It's 2 p.m. on a hot day in Cairo and cars are lined up for blocks at this gas station in the east of the capital. People are waiting to fill their cars with the cheapest gas available — which is 78 percent more expensive than it was last week.
Ali Fayoumi yells from his window.
"I've been waiting for an hour and a half," he fumes. "Even the cheapest gas is too expensive. Everything is expensive, food, drink, everything."
The cars ahead of him move forward. He waits while we talk and I tell him not to lose his place in line. Don't worry, he says, no one will cut in front of me. If they do, I'll kill them. That's how we all feel right now, he says — angry.
The anger stems from a controversial decision by the government of Egypt's new president, Abdel-Fattah el-Sissi, to cut energy subsidies in order to address the country's staggering deficit. Egypt spends a quarter of its budget on a subsidy system that discounts basic necessities for its citizens. But the country can't afford it anymore. Three years of political turmoil has devastated the crucial tourism industry and scared off foreign investment.
Past leaders were hesitant to slash the subsidies because of the anger it could cause in a country where almost half the population lives at or below the poverty line.
The new price hikes on fuel — which came into effect over the weekend — are between 40 and 78 percent. The government is also raising electricity prices, with plans to end power subsidies in five years.

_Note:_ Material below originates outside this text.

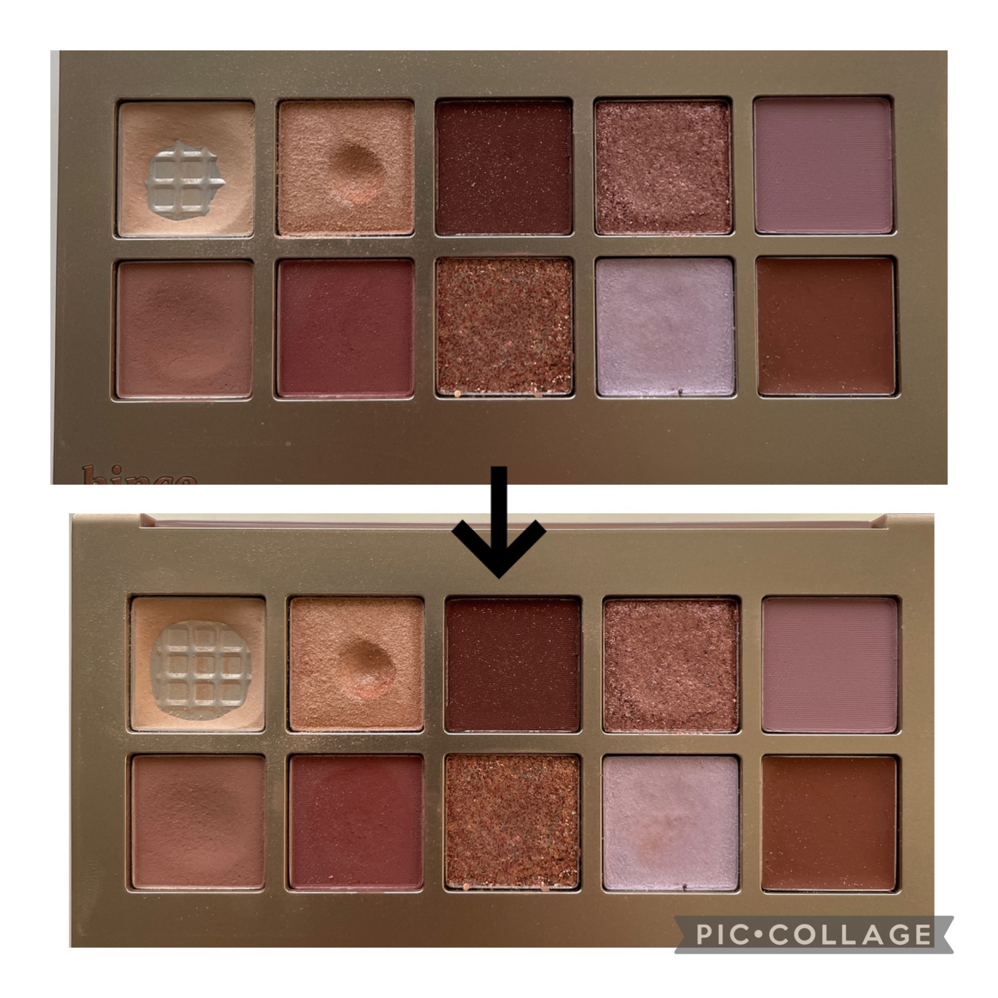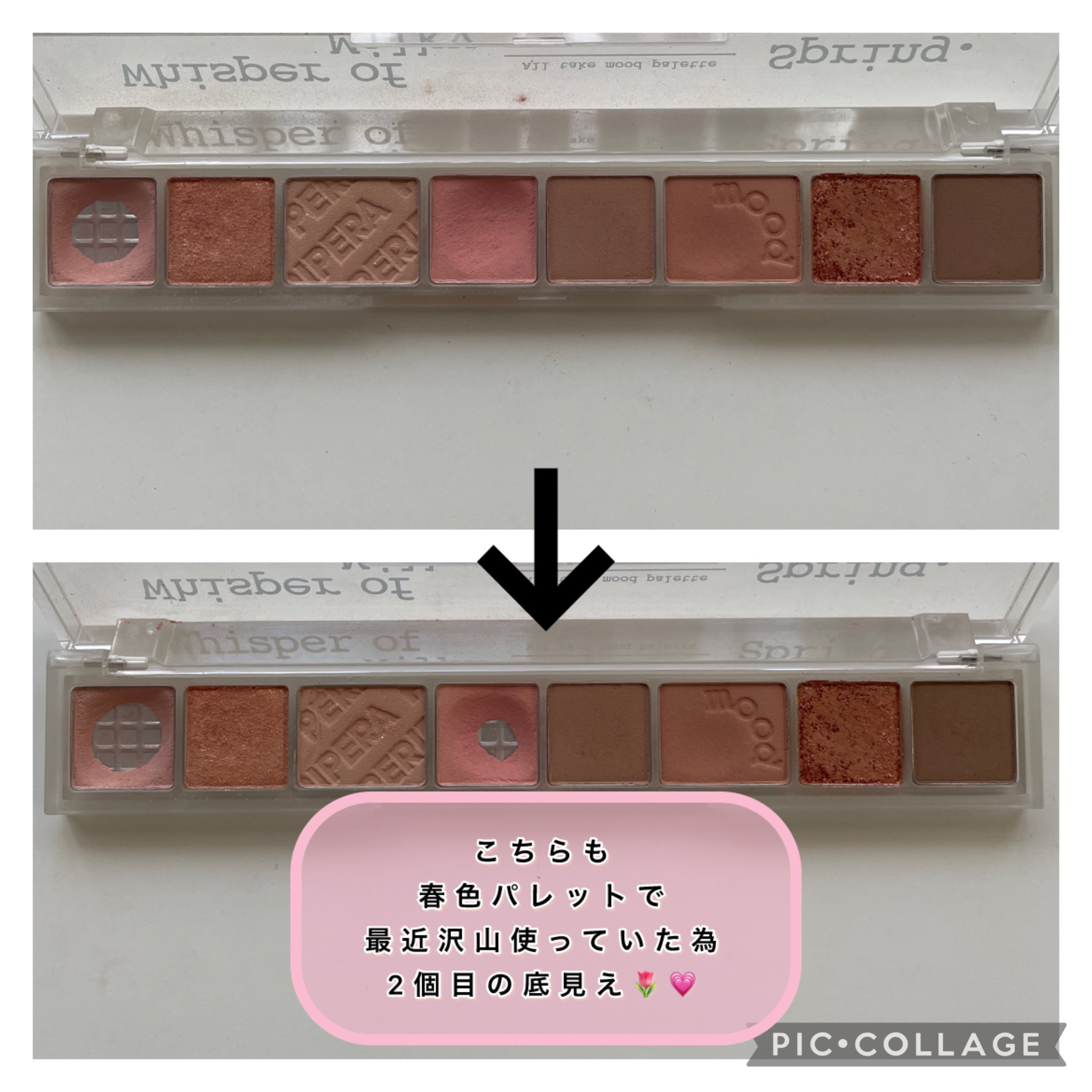私はもうこのベースを使ってからじゃないと、アイシャドウを塗れない!!と思うくらい、メイクに必要な物です🌟 とにかく発色も持ちもムラになりにくさも、かなり違います!!! このアイシャドウは少ししっとりしているので、私は、ブラシではなく指やチップを使ってメイクする事が多いです!! この底見えした部分は、締め色にしては濃いな〜と感じたので、細いブラシにとってアイライン代わりに使ってみたら、影のようなラインが引けて、とっても自然に見えました👌🏻 暗過ぎず、明る過ぎず、本当に丁度良い色味で、下まぶたに付けてもメイク全体が濃く見えない所が1番のお気に入りです💖

Taxes on beer doubled and also increased on cigarettes.
The government went on a charm offensive all week to calm citizens. So far there haven't been mass protests.
Sissi gave a speech to the nation.
"But why did you summon me?" he said in his address. "You summoned me for a task, the task of saving a nation and building one."
He added that Egypt is in grave danger because of the battered economy.
"I was very honest with you," he said. "I said we would need two years of serious work, and I would take drastic measures."
Economists agree that the subsidies are unsustainable.
"It's better getting the bad news over with quickly, so that Egypt can then restructure and move on," says Angus Blair, who heads the Signet Institute, a Cairo-based economic research center.
"You have to put it in context. The World Bank has estimated that 80 percent of the fuel subsidy went [to] the top 20 percent richest of Egypt, so like many subsidies, it benefits the wrong people," he says. "It's incredibly inefficient."
But that gives little comfort to taxi drivers, microbus drivers and families who are worried about getting food on the table.
Mahmoud AbulKheir is one of them. We meet him while he waits at a mechanic shop licensed to adjust taxi meters. He owns a taxi and a trucking business, but he's had to shut down his office because he didn't account for the increase in diesel prices.
"Our president promised before lifting subsidies that he'd make the people rich and content," he says. "And that didn't happen."